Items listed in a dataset
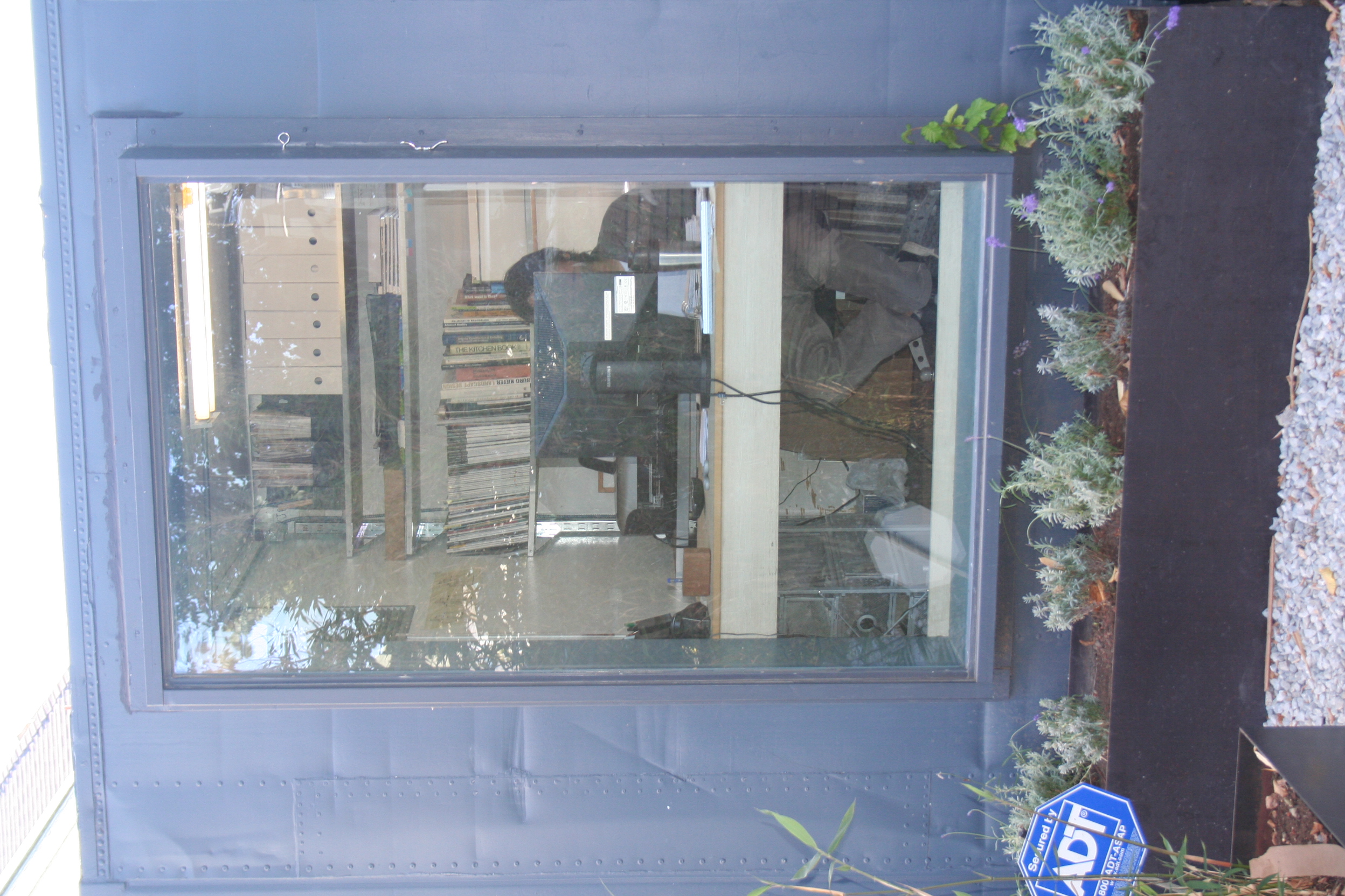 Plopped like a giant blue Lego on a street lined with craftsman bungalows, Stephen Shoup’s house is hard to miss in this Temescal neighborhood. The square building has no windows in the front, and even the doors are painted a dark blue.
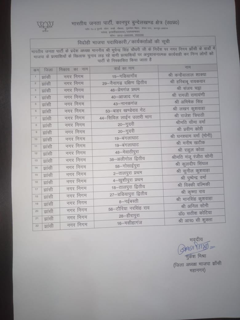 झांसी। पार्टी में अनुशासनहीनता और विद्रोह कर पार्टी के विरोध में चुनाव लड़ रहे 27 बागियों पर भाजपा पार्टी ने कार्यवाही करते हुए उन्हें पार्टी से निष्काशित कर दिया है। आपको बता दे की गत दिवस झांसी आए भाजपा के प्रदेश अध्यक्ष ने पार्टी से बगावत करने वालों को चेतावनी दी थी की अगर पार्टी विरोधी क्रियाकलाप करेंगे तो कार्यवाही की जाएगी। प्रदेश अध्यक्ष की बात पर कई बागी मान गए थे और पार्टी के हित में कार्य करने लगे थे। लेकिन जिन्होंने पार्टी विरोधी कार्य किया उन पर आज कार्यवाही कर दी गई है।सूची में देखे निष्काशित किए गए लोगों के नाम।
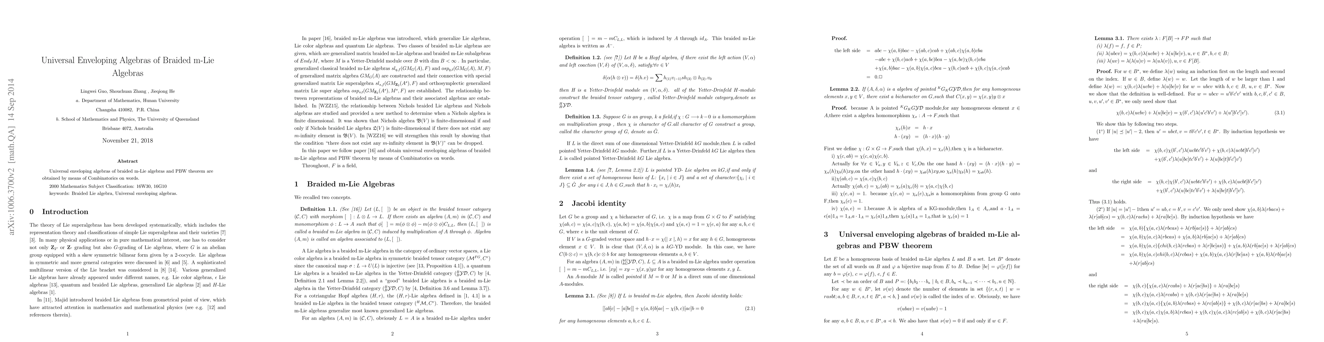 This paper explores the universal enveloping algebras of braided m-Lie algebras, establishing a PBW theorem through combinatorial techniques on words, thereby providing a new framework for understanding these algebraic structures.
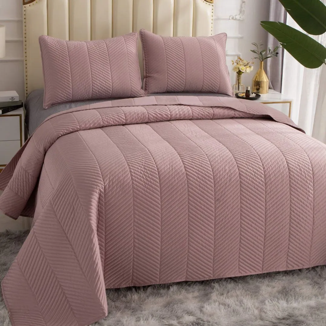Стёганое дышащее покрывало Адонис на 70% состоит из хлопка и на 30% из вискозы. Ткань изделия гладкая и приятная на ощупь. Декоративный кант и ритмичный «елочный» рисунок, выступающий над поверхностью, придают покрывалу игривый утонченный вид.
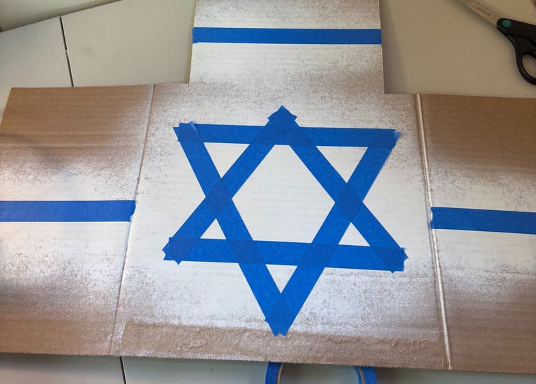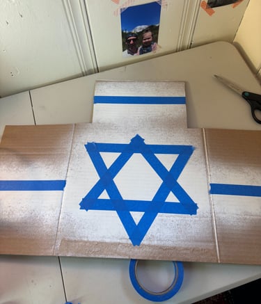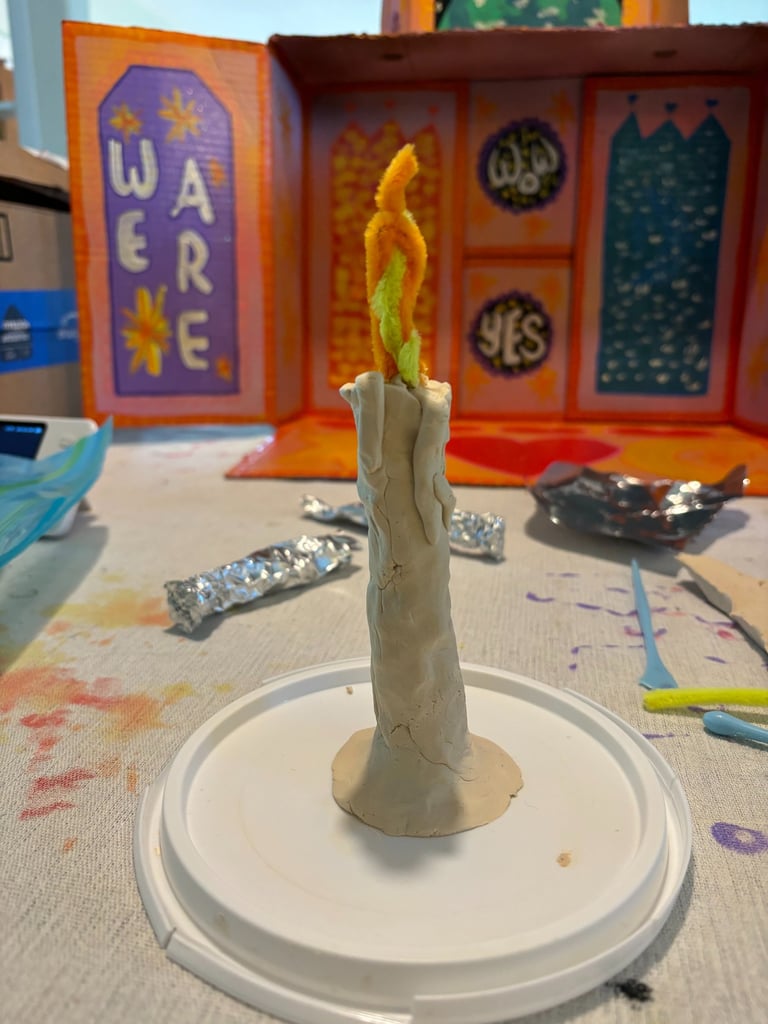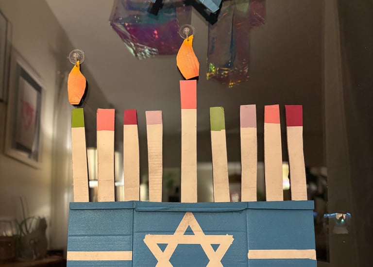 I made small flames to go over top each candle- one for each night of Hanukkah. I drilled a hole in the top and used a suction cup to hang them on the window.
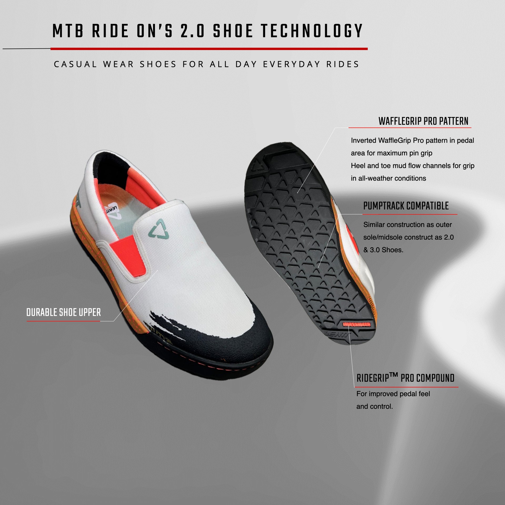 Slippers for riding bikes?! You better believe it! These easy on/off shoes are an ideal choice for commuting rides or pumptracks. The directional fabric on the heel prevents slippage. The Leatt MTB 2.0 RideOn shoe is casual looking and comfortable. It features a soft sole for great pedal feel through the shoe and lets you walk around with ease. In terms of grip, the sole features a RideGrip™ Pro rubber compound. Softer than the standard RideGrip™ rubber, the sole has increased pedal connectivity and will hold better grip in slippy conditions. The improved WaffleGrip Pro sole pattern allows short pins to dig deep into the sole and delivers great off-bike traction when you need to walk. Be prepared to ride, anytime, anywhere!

• _Task to carry out_
Transcribe the records verbatim and omit the images.

• _Response to the task_
 Plopped like a giant blue Lego on a street lined with craftsman bungalows, Stephen Shoup’s house is hard to miss in this Temescal neighborhood. The square building has no windows in the front, and even the doors are painted a dark blue.
 झांसी। पार्टी में अनुशासनहीनता और विद्रोह कर पार्टी के विरोध में चुनाव लड़ रहे 27 बागियों पर भाजपा पार्टी ने कार्यवाही करते हुए उन्हें पार्टी से निष्काशित कर दिया है। आपको बता दे की गत दिवस झांसी आए भाजपा के प्रदेश अध्यक्ष ने पार्टी से बगावत करने वालों को चेतावनी दी थी की अगर पार्टी विरोधी क्रियाकलाप करेंगे तो कार्यवाही की जाएगी। प्रदेश अध्यक्ष की बात पर कई बागी मान गए थे और पार्टी के हित में कार्य करने लगे थे। लेकिन जिन्होंने पार्टी विरोधी कार्य किया उन पर आज कार्यवाही कर दी गई है।सूची में देखे निष्काशित किए गए लोगों के नाम।
 This paper explores the universal enveloping algebras of braided m-Lie algebras, establishing a PBW theorem through combinatorial techniques on words, thereby providing a new framework for understanding these algebraic structures.
Стёганое дышащее покрывало Адонис на 70% состоит из хлопка и на 30% из вискозы. Ткань изделия гладкая и приятная на ощупь. Декоративный кант и ритмичный «елочный» рисунок, выступающий над поверхностью, придают покрывалу игривый утонченный вид.
 I made small flames to go over top each candle- one for each night of Hanukkah. I drilled a hole in the top and used a suction cup to hang them on the window.
 Slippers for riding bikes?! You better believe it! These easy on/off shoes are an ideal choice for commuting rides or pumptracks. The directional fabric on the heel prevents slippage. The Leatt MTB 2.0 RideOn shoe is casual looking and comfortable. It features a soft sole for great pedal feel through the shoe and lets you walk around with ease. In terms of grip, the sole features a RideGrip™ Pro rubber compound. Softer than the standard RideGrip™ rubber, the sole has increased pedal connectivity and will hold better grip in slippy conditions. The improved WaffleGrip Pro sole pattern allows short pins to dig deep into the sole and delivers great off-bike traction when you need to walk. Be prepared to ride, anytime, anywhere!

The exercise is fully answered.